Take as an example the Value-added model for teachers. I don’t think there’s any excuse for this model to be opaque: it is widely used (all of New York City public middle and high schools for example), the scores are important to teachers, especially when they are up for tenure, and the community responds to the corresponding scores for the schools by taking their kids out or putting their kids into those schools. There’s lots at stake.
Why would you not want this to be transparent? Don’t we usually like to know how to evaluate our performance on the job? I’d like to know it if being 4 minutes late to work was a big deal, or if I need to stay late on Tuesdays in order to be perceived as working hard. In other words, given that it’s high stakes it’s only fair to let people know how they are being measured and, thus, how to “improve” with respect to that measurement.
Instead of calling it “gaming the model”, we should see it as improving our scores, which, if it’s a good model, should mean being better teachers (or whatever you’re testing).

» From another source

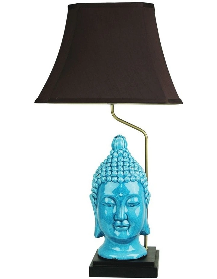 Our Jade Buddha ceramic table lamp will sweep you away to a place of serenity. Superbly aged, with a crazed and scarred, high gloss finish in stunning teal, Buddha sits upon a black pedestal. The dark chocolate shantung, waisted pagoda shade is supported by an antique brass rod.
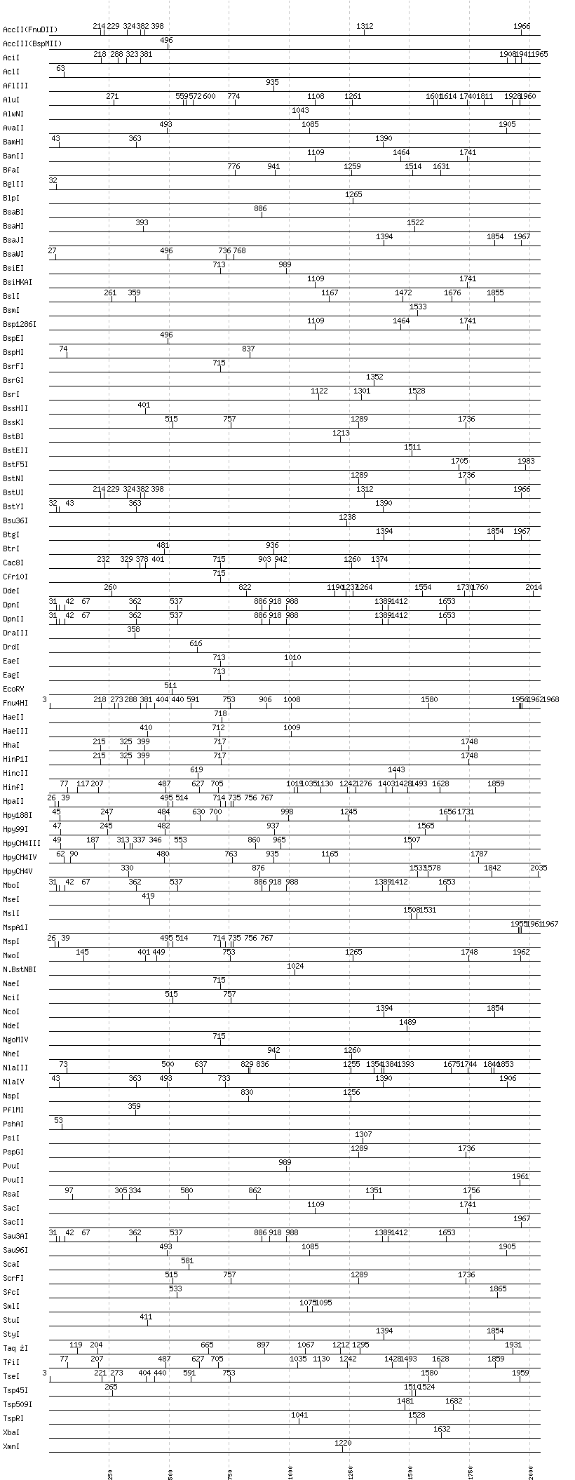 Uncut enzymes: AatII, Acc65I, AccI, AfeI, AflII, AgeI, AhdI, AlwI, Aor51HI(Eco47III), ApaI, ApaLI, ApoI, AscI, AseI, AvaI, AvrII, BaeI, BalI, BanI, BbsI, BbvCI, BbvI, BcgI, BciVI, BclI, BglI, BmrI, BpmI, BsaAI, BsaI, BsaXI, BseRI, BsgI, BsiWI, BsmAI, BsmBI, BsmFI, BsoBI, BspDI, BspMI, BspT107I(HgiCI), BsrBI, BsrDI, BssSI, BstAPI, BstXI, BstZ17I, BtsI, ClaI, DraI, EarI, EciI, EcoNI, EcoO109I, EcoRI, FauI, FokI, FseI, FspI, HgaI, HindIII, HpaI, HphI, I-CeuI, I-SceI, KasI, KpnI, MboII, MfeI, MluI, MlyI, MnlI, MscI, , NarI, NotI, NruI, NsiI, PI-PspI, PI-SceI(VDE), PacI, PaeR7I, PciI, PflFI, PleI, PmeI, PmlI, PpuMI, PspOMI, PstI, RsrII, SalI, SapI, SbfI, SexAI, SfaNI, SfiI, SfoI, SgrAI, SmaI, SnaBI, SpeI, SphI, SspI, SwaI, TliI, Tth111I, XcmI, XhoI, XmaI

This is an interesting point. I certainly agree that is you are going to measure people on x then telling them what x is is only fair. But I would never promise that x was my only criteria for measuring a real world job, as I don’t believe we can write the specification for many activities well enough to always know that maximizing the x-score is equivalent to doing the job well.
(PFI contracts are of course a great example of this; one of the reasons that PFI is a terrible idea is that you can’t write a contract that defines what it means to run a railway well for ten years that stands up to the harsh light of events.)
Thus I would argue that the problem in the situation outlined above isn’t lack of transparency, it is using a fixed formula to evaluate something complicated and contingent. Sure, by all means say ‘these scores are important’, but leave some room for judgement and user feedback too. Humility about how much you can measure is important too.
There is also a good reason for keeping some models secret, and that is the use of proxies. Say I want to measure something but I can’t access the real data. I know that the proxy I use isn’t completely accurate – it does not have complete predictive power – but it is better than nothing. Here for instance is the FED in testimony to Congress on a feature of credit scoring models:
Results obtained with the model estimated especially for this study suggest that the credit characteristics included in credit history scoring models do not serve as substitutes, or proxies, for race, ethnicity, or sex. The analysis does suggest, however, that certain credit characteristics serve, in part, as limited proxies for age. A result of this limited proxying is that the credit scores for older individuals are slightly lower, and those of younger individuals somewhat higher, than would be the case had these credit characteristics not partially proxied for age. Analysis shows that mitigating this effect by dropping these credit characteristics from the model would come at a cost, as these credit characteristics have strong predictive power over and above their role as age proxies.
Credit scoring models are trying to get at ability and willingness to pay, but they have to use proxies, such as disposable income and prior history, to do that. Some of those proxies inadvertently measure things that you don’t want them to too, like age, but excluding them would decrease model performance.
Here, it is better that the proxies are not precisely known so that they are harder to game. The last thing you want in a credit scoring model is folks knowing how best to lie to you, especially if some of the data is hard to check. It is much better to ask for more than you need, as in psychometrics, and use the extra data as a consistency check (or just throw it away) than to tell people how your model works. Its predictive power may well decline markedly if people know how it works.
Of course, you need a regulatory framework around this so that models which try to measure, for instance, race, are banned, but that does not require model transparency. Sometimes it really is better to keep the model as a black box.